Johnny Paychek

Personal information
- Nickname: Corn Belt's Pride
- Born: John J. Pacek June 11, 1914 Chicago, Illinois, U.S.
- Died: December 3, 1988 (aged 74) Western Springs, Illinois, U.S.
- Height: 6 ft 0.5 in (184 cm)
- Weight: Heavyweight

Boxing career
- Reach: 75 in (191 cm)
- Stance: Orthodox

Boxing record
- Wins: 38
- Win by KO: 28
- Losses: 6
- Draws: 2

= Johnny Paychek =

American boxer (1914–1988)

John J. Pacek (June 11, 1914 – December 3, 1988), better known by the ring name Johnny Paychek, was an American boxer. Though considered a journeyman, he did face Joe Louis in 1940 for the lineal heavyweight title.

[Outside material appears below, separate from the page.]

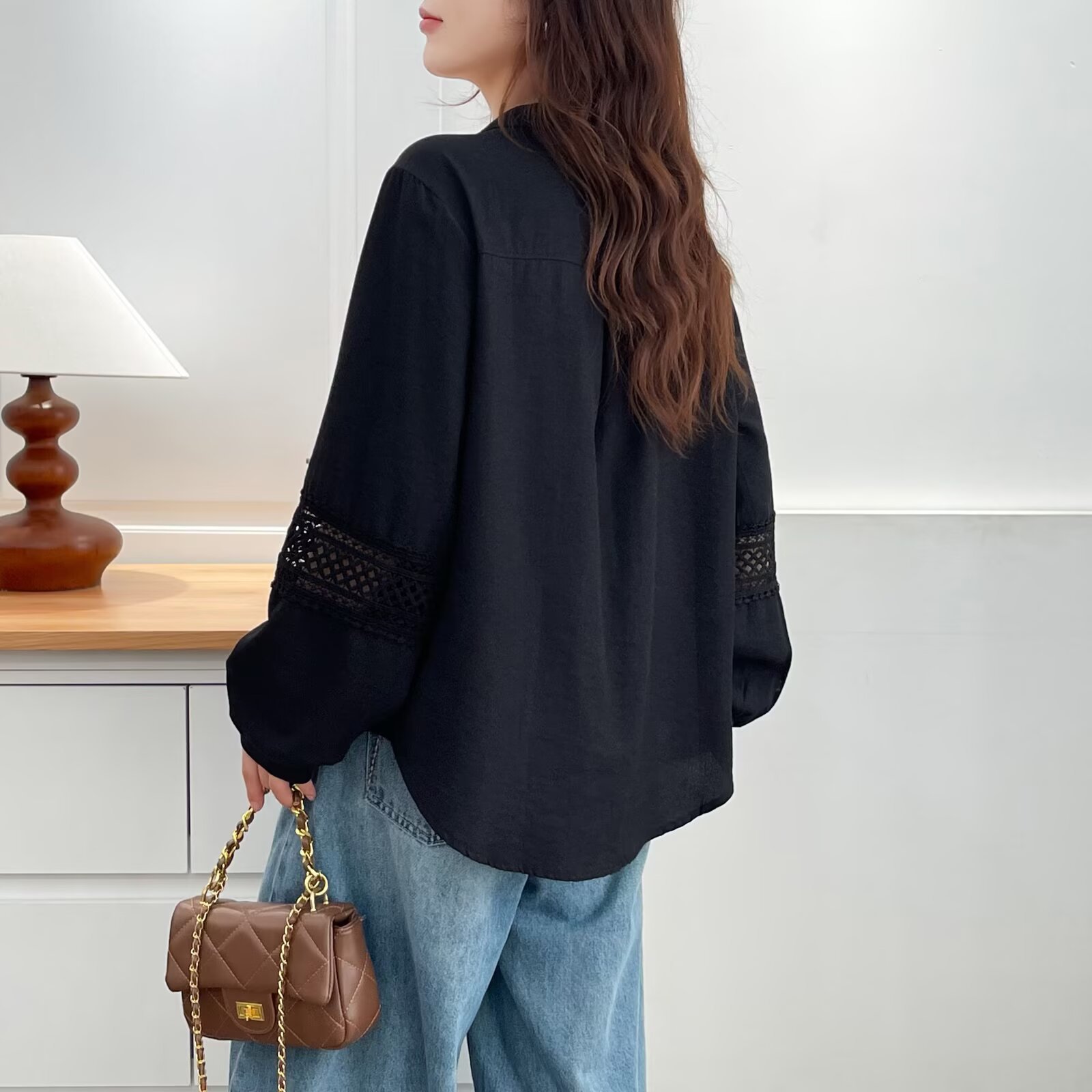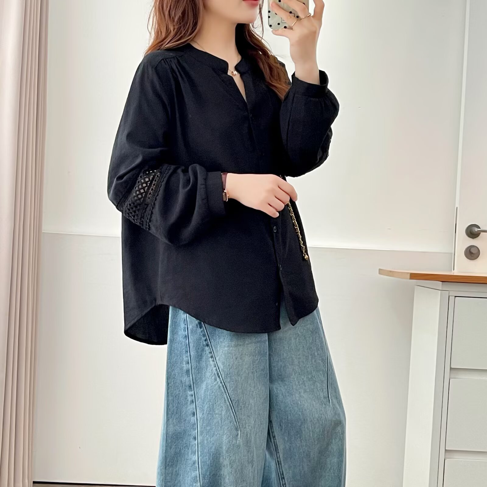 115-200斤大码女装胖秋新款洋气显瘦百搭袖子镂空宽松长袖衬衫

Louis beat him by a second-round knockout, in what turned out to be Paychek's only world championship try as a professional boxer.

After retiring from the ring, Paychek married and had two children. A longtime resident of Lyons, Illinois, Paychek died on December 3, 1988, at La Grange Memorial Hospital in Western Springs,Illinois.

Country singer Johnny Paycheck took his stage name as a tribute or reference to Paychek.